**MATERIAL FOR THIS TASK:**
· · · · ·
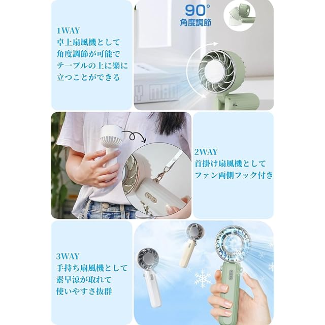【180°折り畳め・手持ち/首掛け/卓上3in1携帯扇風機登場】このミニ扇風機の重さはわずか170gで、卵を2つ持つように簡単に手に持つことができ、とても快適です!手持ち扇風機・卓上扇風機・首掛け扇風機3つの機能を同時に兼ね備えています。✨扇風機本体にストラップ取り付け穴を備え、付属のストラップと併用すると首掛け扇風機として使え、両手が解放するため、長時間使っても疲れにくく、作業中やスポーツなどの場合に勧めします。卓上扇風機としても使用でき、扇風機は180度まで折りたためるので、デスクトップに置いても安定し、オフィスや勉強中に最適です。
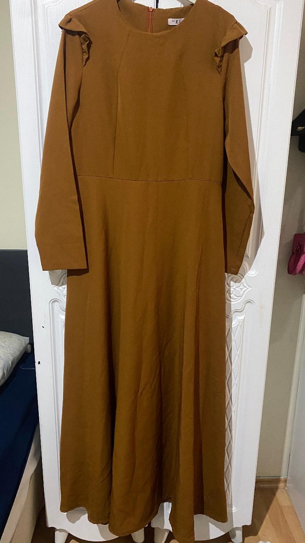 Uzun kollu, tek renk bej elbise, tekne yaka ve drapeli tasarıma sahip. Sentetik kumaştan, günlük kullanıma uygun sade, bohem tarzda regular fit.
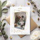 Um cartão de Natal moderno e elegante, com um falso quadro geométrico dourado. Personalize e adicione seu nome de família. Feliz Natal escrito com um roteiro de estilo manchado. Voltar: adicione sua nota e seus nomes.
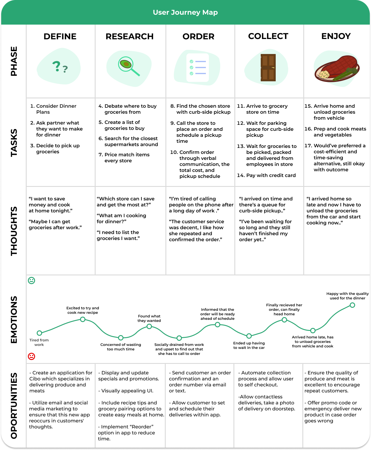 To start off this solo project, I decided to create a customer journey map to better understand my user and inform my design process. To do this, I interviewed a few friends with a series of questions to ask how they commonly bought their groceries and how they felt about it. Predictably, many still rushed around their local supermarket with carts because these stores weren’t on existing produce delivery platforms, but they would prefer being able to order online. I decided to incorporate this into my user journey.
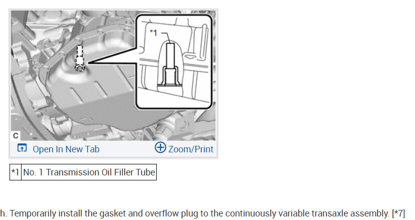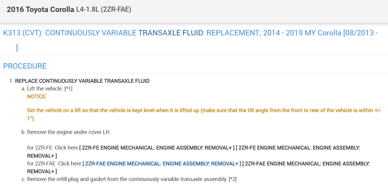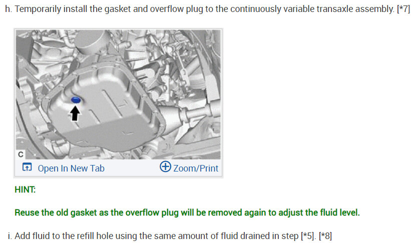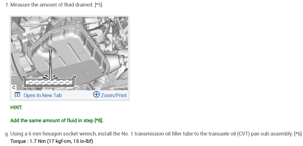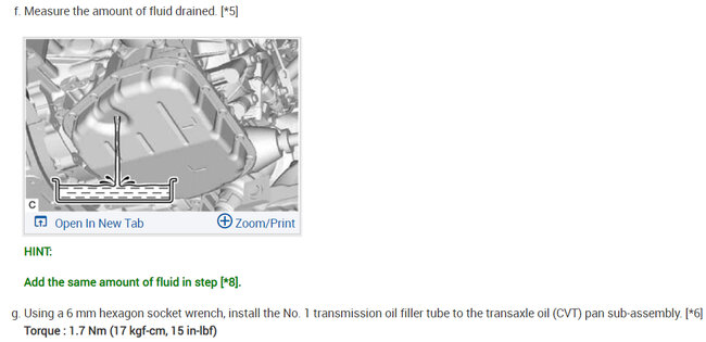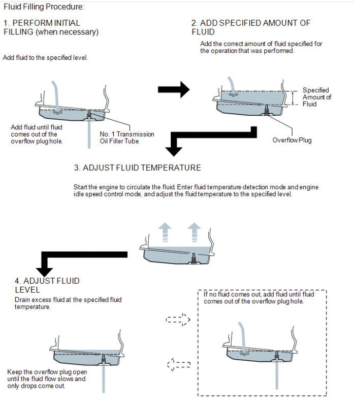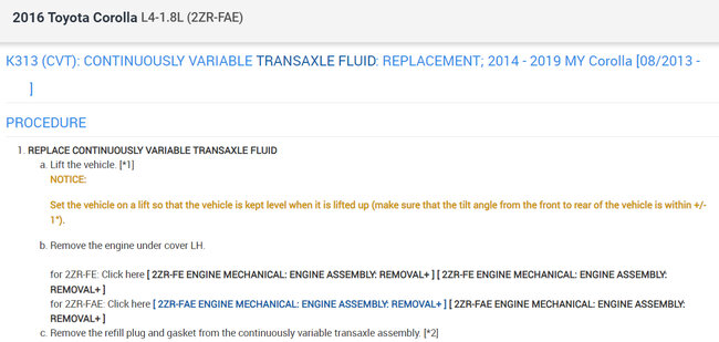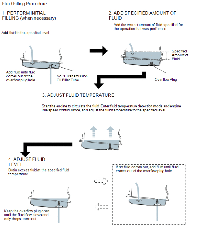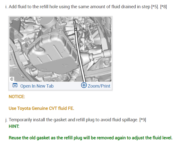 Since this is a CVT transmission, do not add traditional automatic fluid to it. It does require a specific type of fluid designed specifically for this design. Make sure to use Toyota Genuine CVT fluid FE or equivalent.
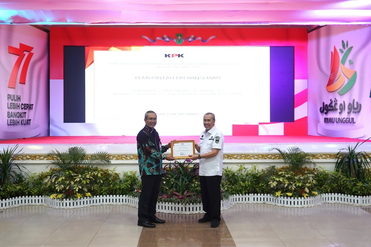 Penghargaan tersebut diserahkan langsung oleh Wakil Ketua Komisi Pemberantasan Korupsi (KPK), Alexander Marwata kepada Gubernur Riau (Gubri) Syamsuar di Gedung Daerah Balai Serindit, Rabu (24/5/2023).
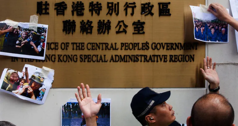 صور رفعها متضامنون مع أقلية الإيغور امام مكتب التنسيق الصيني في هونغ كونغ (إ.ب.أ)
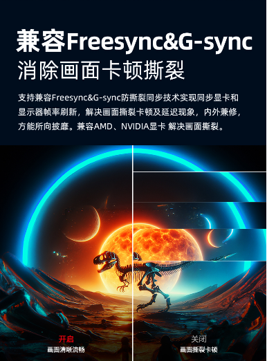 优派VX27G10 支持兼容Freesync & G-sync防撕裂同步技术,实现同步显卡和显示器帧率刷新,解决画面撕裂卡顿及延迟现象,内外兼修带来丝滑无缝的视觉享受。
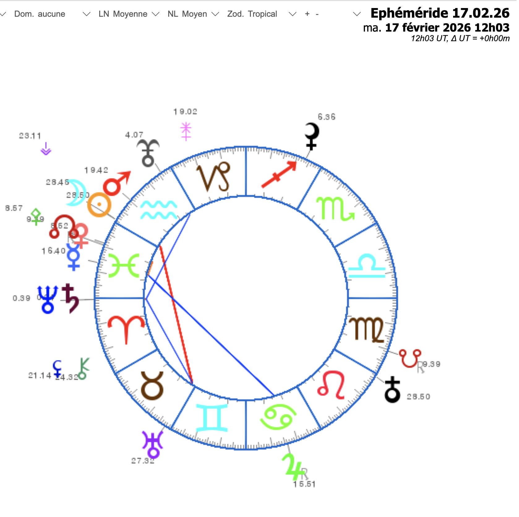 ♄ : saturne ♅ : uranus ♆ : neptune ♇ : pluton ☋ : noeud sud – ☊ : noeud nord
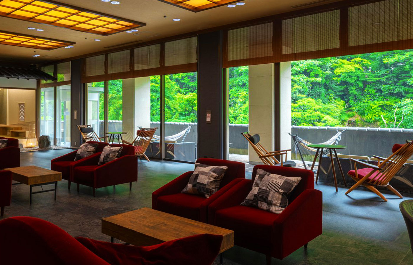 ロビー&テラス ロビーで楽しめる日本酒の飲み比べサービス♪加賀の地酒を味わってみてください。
· · · · ·
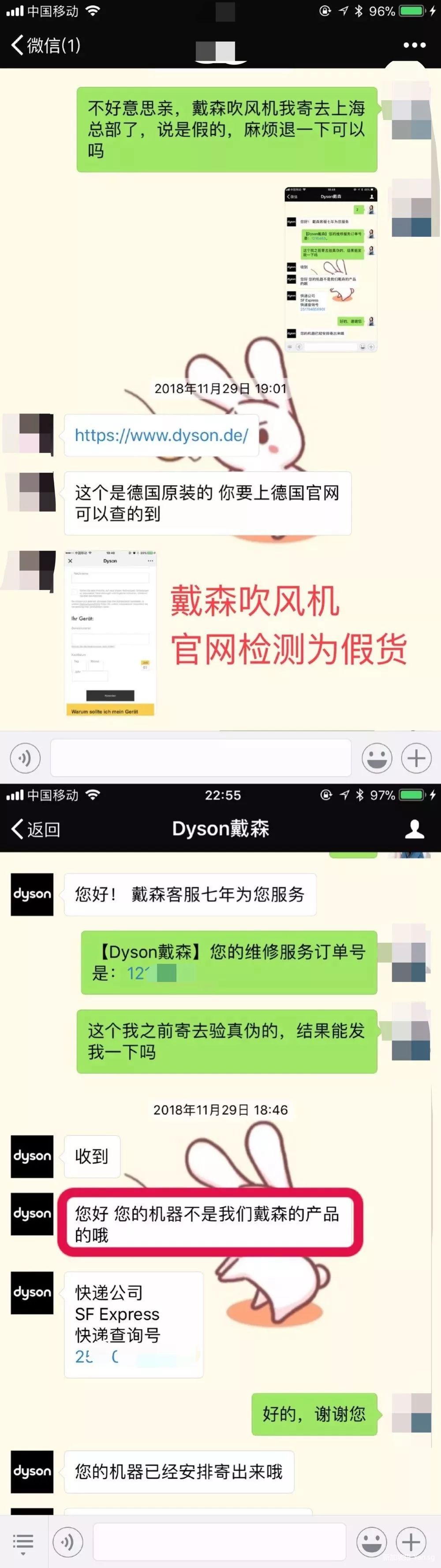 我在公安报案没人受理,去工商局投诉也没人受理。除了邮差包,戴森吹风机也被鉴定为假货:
· · · · ·
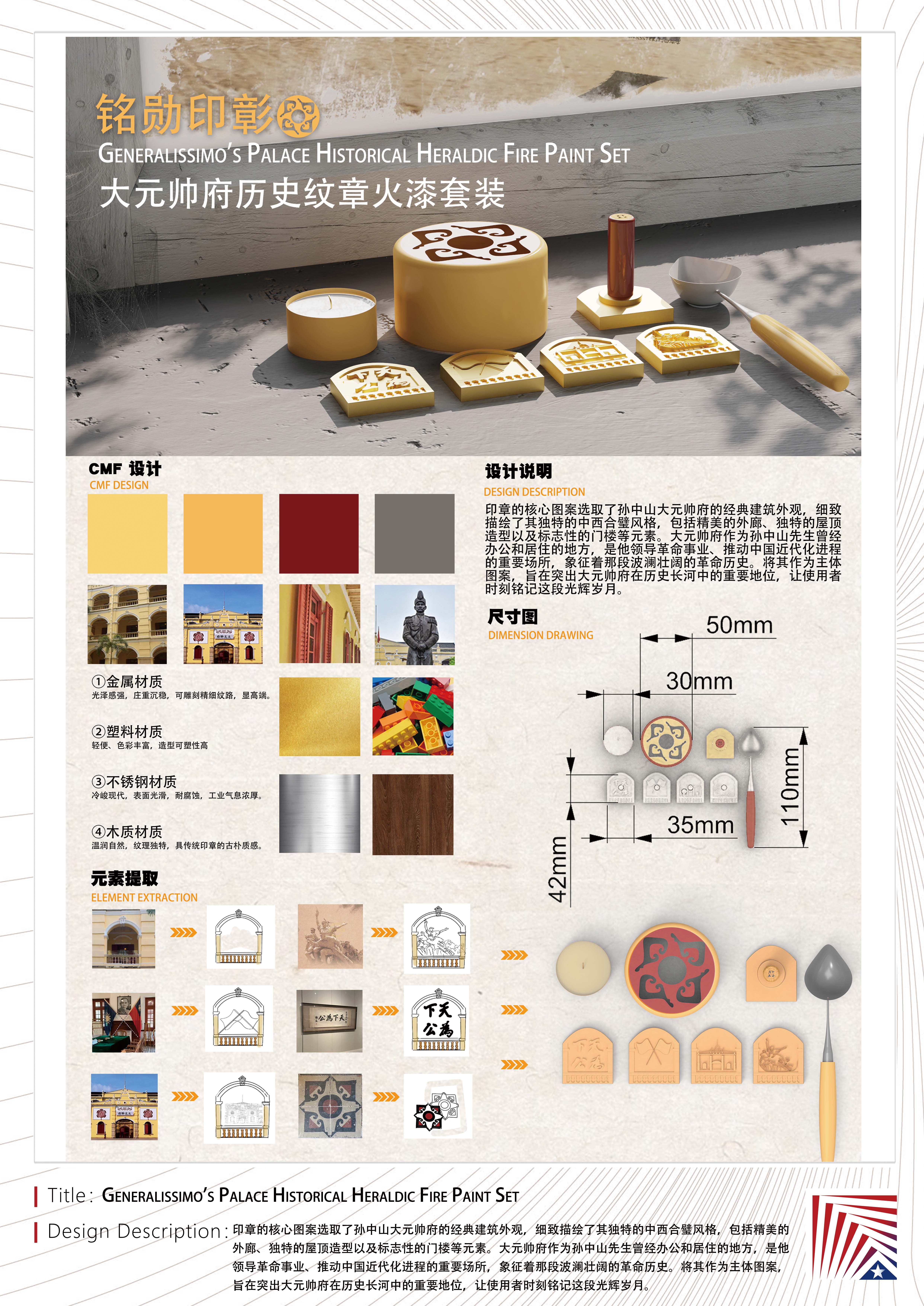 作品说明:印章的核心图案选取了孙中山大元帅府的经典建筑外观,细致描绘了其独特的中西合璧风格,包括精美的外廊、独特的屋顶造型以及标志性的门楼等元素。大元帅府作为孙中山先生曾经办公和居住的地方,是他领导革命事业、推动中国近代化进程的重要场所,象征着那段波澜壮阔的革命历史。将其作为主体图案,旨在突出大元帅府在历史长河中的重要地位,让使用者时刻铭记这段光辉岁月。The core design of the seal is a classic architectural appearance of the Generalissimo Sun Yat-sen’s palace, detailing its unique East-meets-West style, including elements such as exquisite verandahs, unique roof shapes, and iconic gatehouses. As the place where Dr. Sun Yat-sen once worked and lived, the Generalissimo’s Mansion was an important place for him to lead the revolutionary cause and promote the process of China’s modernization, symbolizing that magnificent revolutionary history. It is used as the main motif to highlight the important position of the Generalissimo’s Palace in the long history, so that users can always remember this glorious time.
· · · · ·
**WHAT YOU WILL DO:**
Nothing but the lines above from the line with "Um cartão de" up to and including the line with "ロビー&テラス ロビーで楽し" should be returned, exactly as written and without pictures.

**RESULT FOR THIS EXERCISE:**
 Um cartão de Natal moderno e elegante, com um falso quadro geométrico dourado. Personalize e adicione seu nome de família. Feliz Natal escrito com um roteiro de estilo manchado. Voltar: adicione sua nota e seus nomes.
 To start off this solo project, I decided to create a customer journey map to better understand my user and inform my design process. To do this, I interviewed a few friends with a series of questions to ask how they commonly bought their groceries and how they felt about it. Predictably, many still rushed around their local supermarket with carts because these stores weren’t on existing produce delivery platforms, but they would prefer being able to order online. I decided to incorporate this into my user journey.
 Since this is a CVT transmission, do not add traditional automatic fluid to it. It does require a specific type of fluid designed specifically for this design. Make sure to use Toyota Genuine CVT fluid FE or equivalent.
 Penghargaan tersebut diserahkan langsung oleh Wakil Ketua Komisi Pemberantasan Korupsi (KPK), Alexander Marwata kepada Gubernur Riau (Gubri) Syamsuar di Gedung Daerah Balai Serindit, Rabu (24/5/2023).
 صور رفعها متضامنون مع أقلية الإيغور امام مكتب التنسيق الصيني في هونغ كونغ (إ.ب.أ)
 优派VX27G10 支持兼容Freesync & G-sync防撕裂同步技术,实现同步显卡和显示器帧率刷新,解决画面撕裂卡顿及延迟现象,内外兼修带来丝滑无缝的视觉享受。
 ♄ : saturne ♅ : uranus ♆ : neptune ♇ : pluton ☋ : noeud sud – ☊ : noeud nord
 ロビー&テラス ロビーで楽しめる日本酒の飲み比べサービス♪加賀の地酒を味わってみてください。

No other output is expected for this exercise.